So again, glad you like it.


----------



## jadeewood

midwestgirl89 said:


> I'll see what I can do. It's tough selling a horse. I don't know what I'd do if I ever had to sell Tex...I've had him nine years. Actually we've never sold any of the horses we've had growing up. Couple of them died though-that's one of the hardest things. We had an Appaloosa for ten years when he got sick. I was 15 when we had to put him down. One of the worst days of my life. They really become part of the family.


 
thanks ever so much do you know when it will be finished by at thats fine if u do it without me riding. thanks for this your an outstanding painter. sure talented.


----------



## jadeewood

sorry wrong quote


----------



## jadeewood

i ment to put the quote what uu sed about my coloured and the chestnut foal and about if u can just fraw the horse without me riding it, sorry for that xxx


----------



## midwestgirl89

*Jadeewood*

You're second on my list of drawings. But I have a tendency to work on a few at once if certain ones aren't looking that great right away-plus I lose interest fairly quick if I stay on one thing for too long. My sketchbook is full of half finished drawings. 
I haven't started it yet but it's on my to-do list.

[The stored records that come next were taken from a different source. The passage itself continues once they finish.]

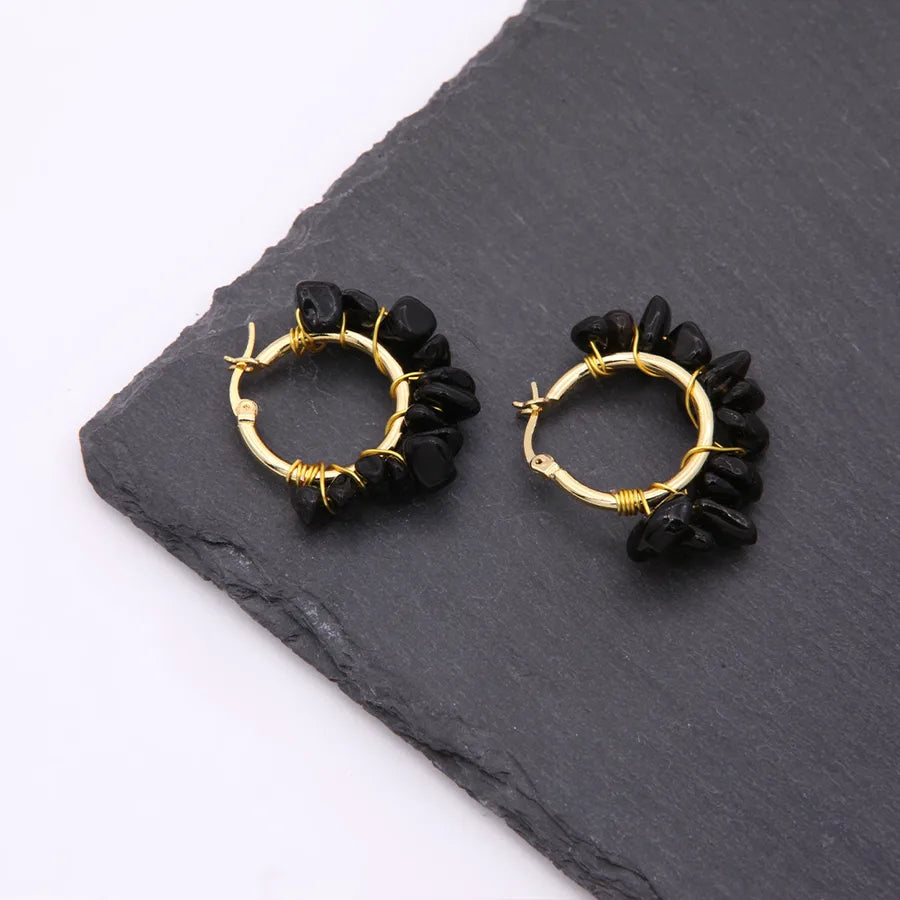 1 pair ethnic style bohemian tropical solid color handmade plating natural stone copper 18k gold plated hoop earrings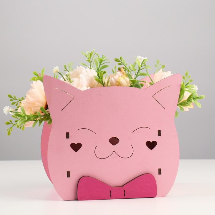 Кашпо деревянное для цветов и подарков "Котик" с аппликацией, розовое, 19х12х16 см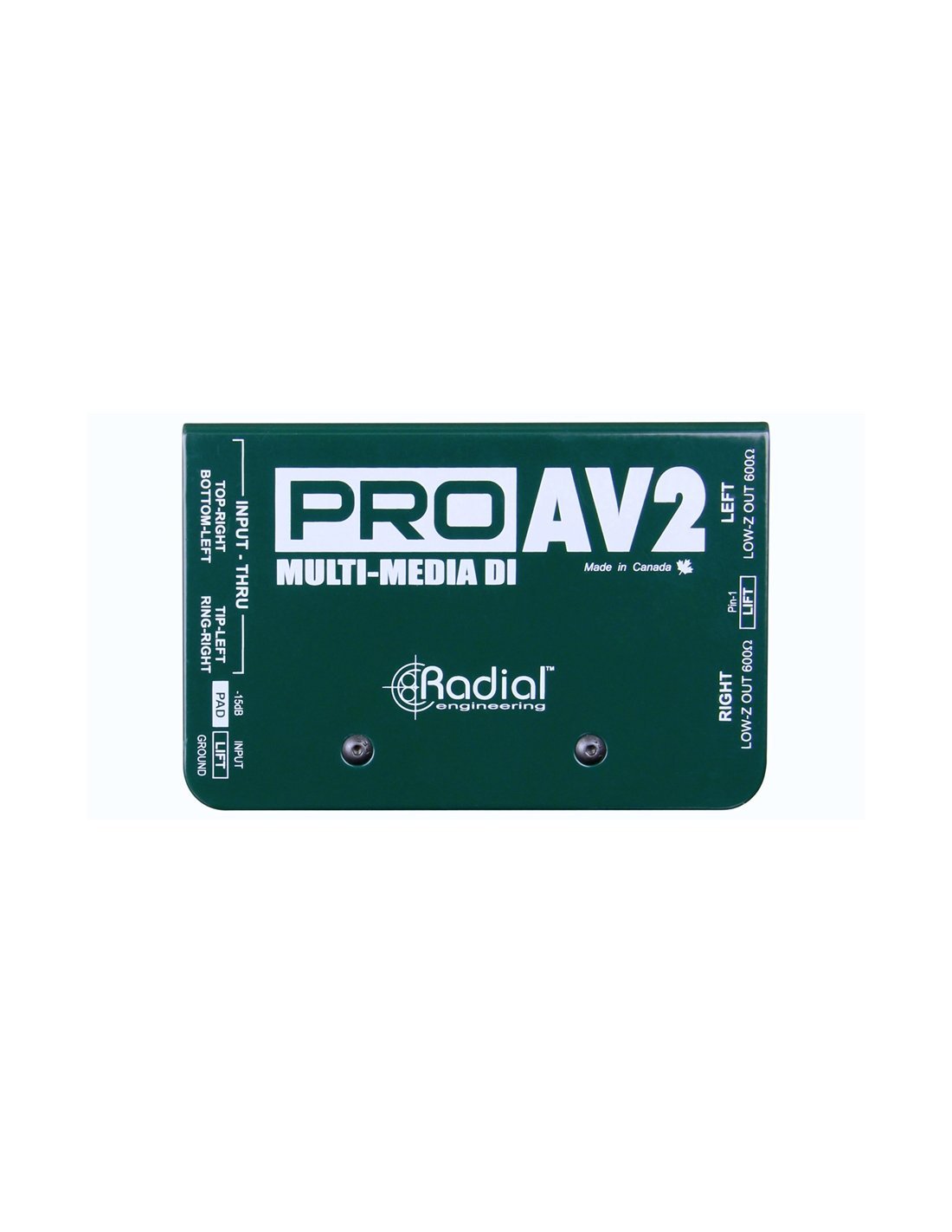 Passive Stereo-Direct-Box. IN/OUT-Anschlüsse zu Klinke, RCA (-10dB) und XLR (+4dB). Praktisch das "Schweizer Taschenmesser" des AV-Installateurs.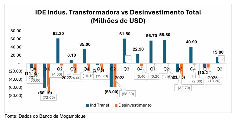 A queda do investimento tem sido acompanhada por desinvestimento, com destaque para a indústria transformadora que, nos últimos cinco anos, registou um desinvestimento estimado em 196,5 milhões de USD. Este desinvestimento significou a redução da capacidade da economia de adicionar valor e expandir o emprego.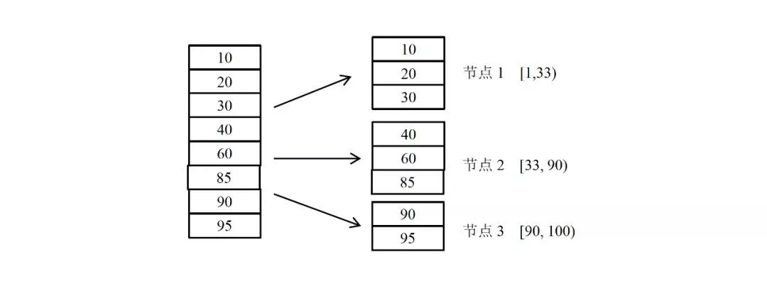 按数据范围分布是另一个常见的数据分布式,将数据按特征值的值域范围划分为不同的区间,使得集群中每台(组)服务器处理不同区间的数据。

I'm house sitting for the next few weeks so I'll definitely have the time.


----------



## jadeewood

thanks great help, im so excited


----------



## AztecBaby

Hiya,

Maybe you'd like to have a go at drawing this pic of me and my horse Max? lol, only if you have time : ] your drawings are gorgeous.


----------



## midwestgirl89

*AztecBaby*

I love this photo! It's definitely going onto my to-do list.


----------



## midwestgirl89

*From another thread...*

...but I thought I'd let everyone know what I've been up to. Trying to come up with a Native American style background. Any suggestions? No dream catchers though. Something to do with their culture.


----------



## jadeewood

im not sure about that one, errrrm. you could do like a forest or something, lol. 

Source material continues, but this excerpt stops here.